Bibliographic record
Abstract
This study explores the adoption of Waste to Energy (WTE) as a panacea to waste management challenges by assessing whether rural households will embrace WTE solutions while ascertaining the determinants of residents’ subscriptions to WTE. Simple random sampling was employed in selecting respondents, while stratified sampling was employed in reaching respondents in the old town and new t site. The study found that 66% of the respondents were willing to subscribe to WTE technologies, while 59 (34%) were reluctant to subscribe to the technology even if it was readily available. Respondents willing to subscribe were motivated by the thought that WTE technology would help reduce waste-related diseases and improve waste management. The three paramount reasons why some respondents were unwilling to subscribe to WTE technologies are that the technology might come with charges, the technology has no personal benefit, and the respondents were not convinced about WTE technology.
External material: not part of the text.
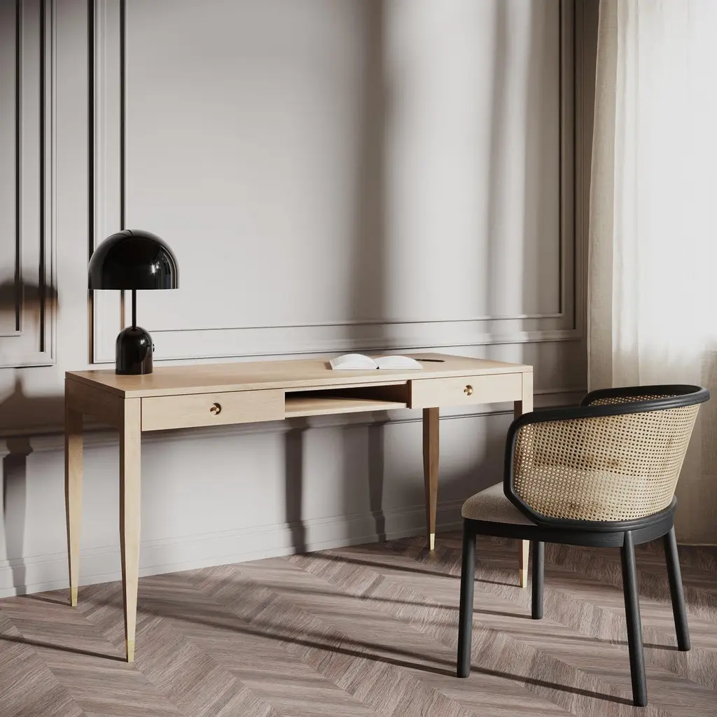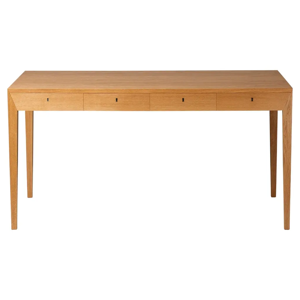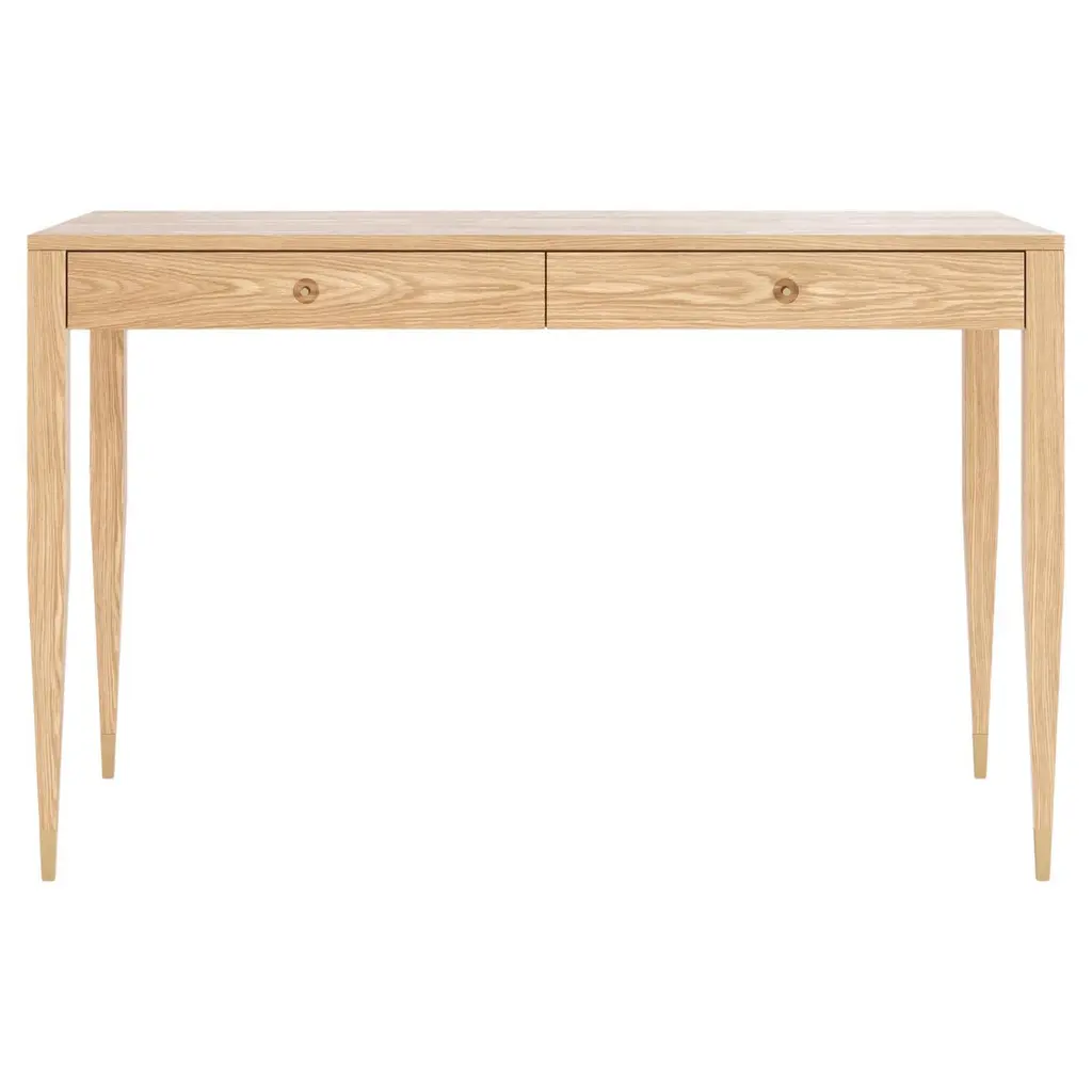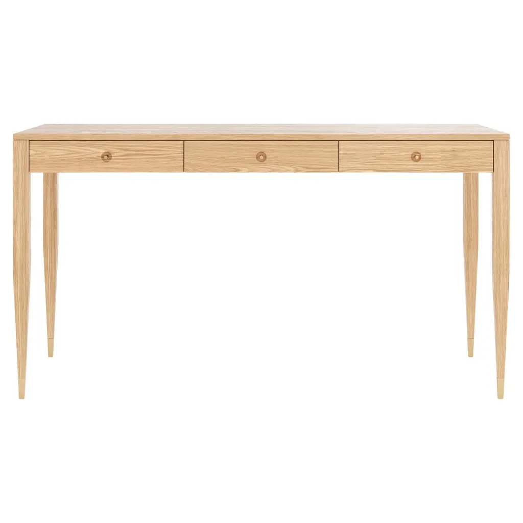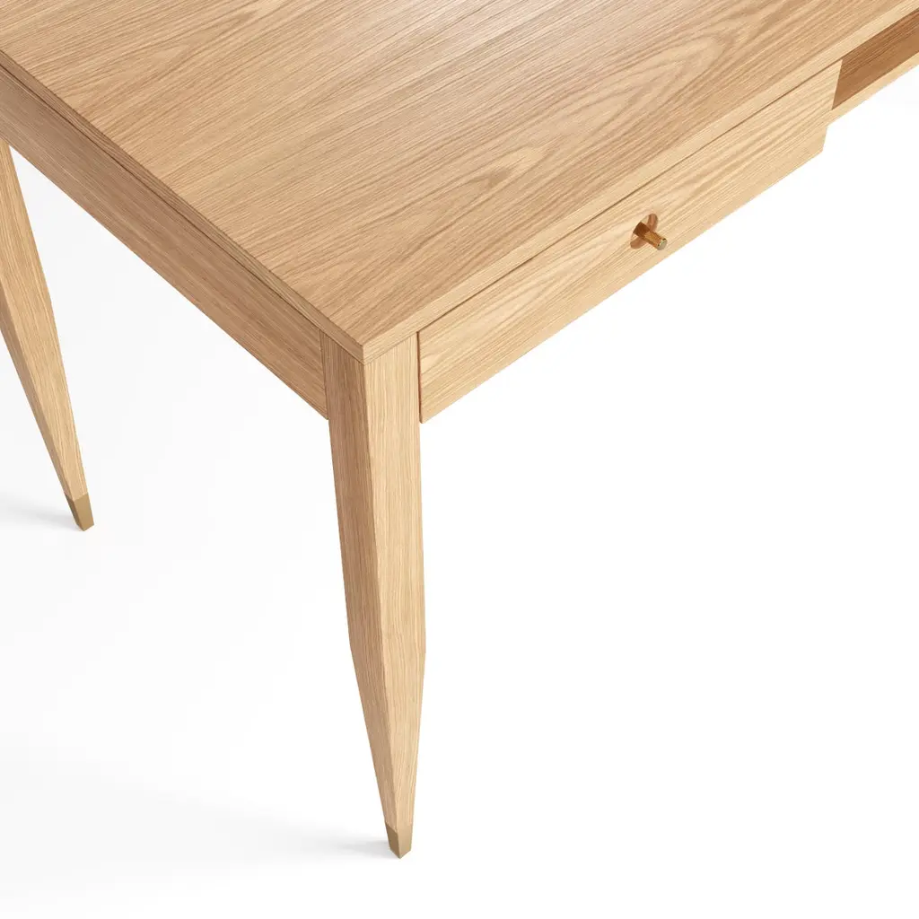 Desk in mid-century style with two drawers, shelf and brass handles. The tapered legs are finished with brass plated aluminum feet. Desk made of solid oak wood and wood covered with natural oak veneer. Other wood on request. Perfect as office desk, study desk, writing desk.Handmade in Poland.Materials:-drawer fronts, sides, dividers, back: solid oak-drawer body: solid oak-legs: solid oak-top: blockboard overlaid with oak veneer-handles: solid brass-feet: brass plated aluminum-matte varnishDimensions:width: 140 cm (55,1")depth: 60 cm (23,6")height: 75 cm (29,5")Also available in 160cm x 70cm version.You can change the size, material, surface treatment after prior contact and setting prices.

From the logistic regression, the determinants of residents’ willingness to subscribe to WTE technologies were established as age, education, income, waste sorting practice, and the perception of WTE as a panacea. The findings of this study have important implications for community engagement in waste and energy projects. Thus, the study recommends a pre-requisite for close community engagement for every community-level project, including WTE projects. • Environmental awareness is a requirement for modeling waste-to-energy solutions in rural areas. • Rural residents are willing to subscribe to waste management services. • Majority, 66% of the rural households perceive WTE as a panacea for waste management, and the same quota is willing to subscribe to WTE technology. • Socio-economic factors such as age, education, and income significantly influence rural folks’ willingness to subscribe to waste management services.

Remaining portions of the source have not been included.